Because of the natural tension between the guarantor and the insured intermediary over asset valuation, a key element of a mark-to-market system is that it seeks to minimize the opportunities for manipulation. Especially if its assets are traded infrequently, the intermediary has information about their true values that is not costlessly available to other parties including the guarantor. As indicated, the intermediary's incentives favor biased-high estimates of prices of its assets and biased-low estimates of the prices of its liabilities. Thus, while the intermediary may have information that could improve the accuracy of the valuation, it may be optimal to neglect its inclusion in the mark-to-market estimates, if inclusion of this information requires too much discretion on the part of the intermediary. That is, the accuracy of the valuation procedure is important, but just as important is that the procedure be known, agreed upon by both parties in advance, and difficult to manipulate.(23) In sum, a proper mark-to-market model is one that, specified ex ante, gives the best estimate of market price, using verifiable data.

A word on book values in a monitoring system. It is sometimes suggested that circumstances in which estimates of market prices are "noisy" are ones that favor using book values -- that is, amortized acquisition cost. This seems to us to be a non sequitur. We are not aware of scientific evidence that book values are the best estimates of market prices, especially for financial assets of the kind held by intermediaries. Indeed, since financial assets whose prices are observable fluctuate substantially over time, it is highly unlikely that the best-fitting unbiased, nonmanipulatable model would produce values that remain virtually constant (around predictable amortized acquisition cost) over time. Standard accounting rules for marking down book values of assets, such as creating a reserve for bad loans, are usually subject to considerable management discretion. One would therefore expect that for monitoring purposes, the guarantor would be reluctant to let an insured intermediary use book values for illiquid assets. There is a certain irony that the assets with the most uncertainty about their values would be valued by a book system which produces almost no variation in price.

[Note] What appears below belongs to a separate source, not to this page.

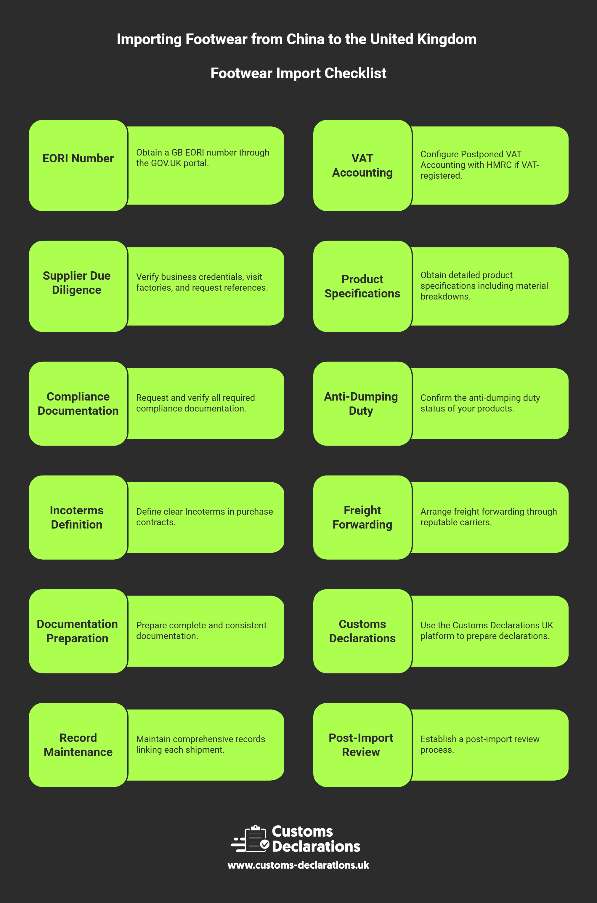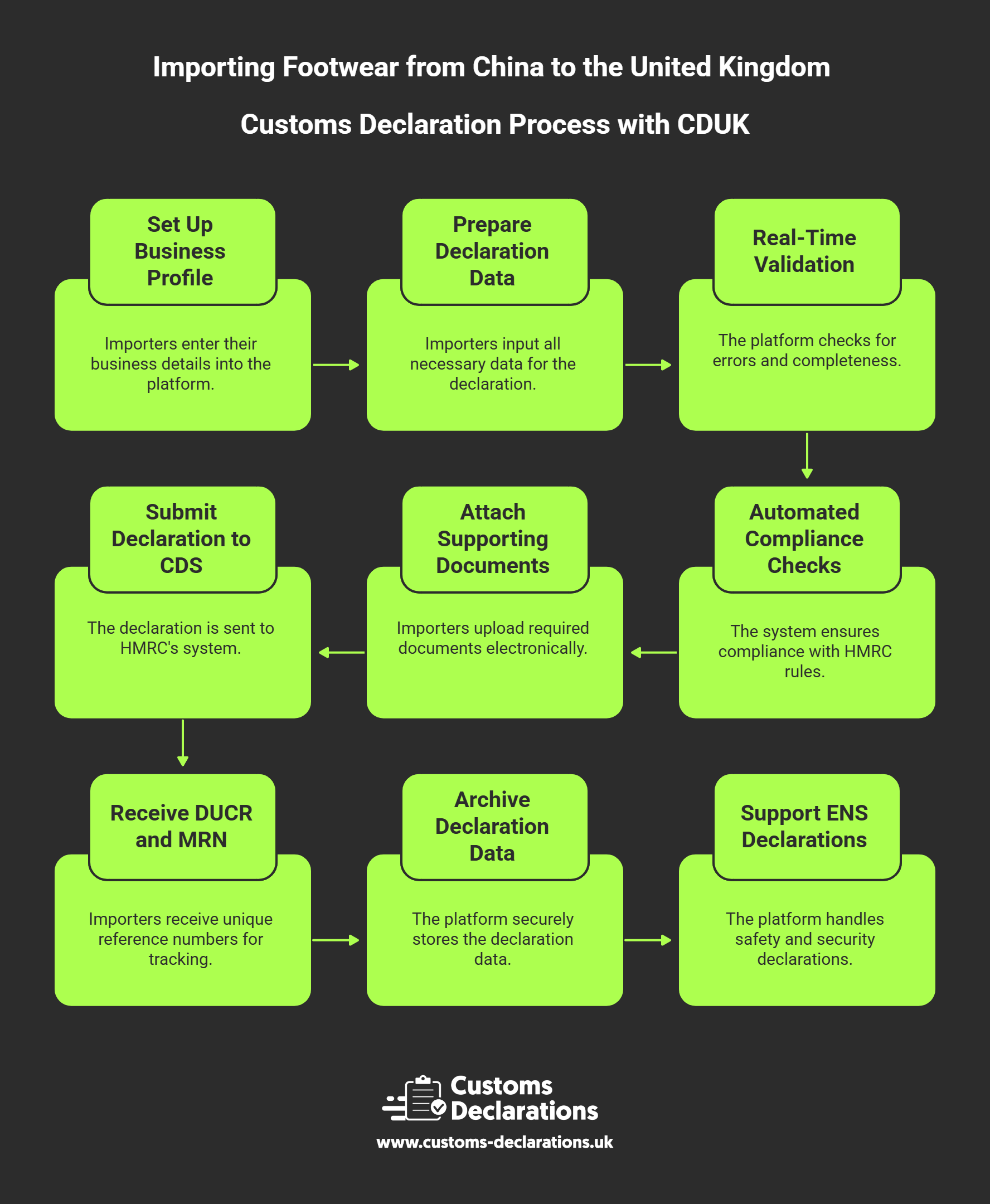 Importing footwear from China to the United Kingdom offers compelling commercial opportunities when executed with precision and structured compliance. Success requires mastering the interplay between accurate customs classification, comprehensive product safety due diligence, correct application of anti-dumping measures, transparent customs valuation, and systematic documentation management. By understanding the post-Brexit regulatory landscape, investing in supplier relationships built on quality and compliance, and leveraging modern digital tools such as the Customs Declarations UK platform for validated, audit-ready filings, importers transform complex cross-border trade into a repeatable, low-friction business process. The combination of supplier diligence, accurate declarations filed through CDUK, proactive compliance monitoring, and strong record-keeping creates a foundation for sustainable growth, whether importing single container loads or managing high-volume footwear distribution operations. Maintaining these controls ensures that future shipments clear efficiently, costs remain predictable, and compliance obligations are met consistently across customs, product safety, and environmental dimensions.

Just as it is important to mark the assets to market, so guaranteed liabilities must also be marked to market. Otherwise, the exposure or shortfall estimates of the difference between asset value and promised liability payment value are distorted, and the monitoring process can become dysfunctional. In the case of broker margin loans or demand deposits, the guaranteed liability is equal to the original principal plus accrued interest. More generally, as in the case of annuities and other insurance policies, the stream of promised payments can stretch far into the future. The question of how to compute the present value of the payments that are guaranteed is, therefore, an important issue.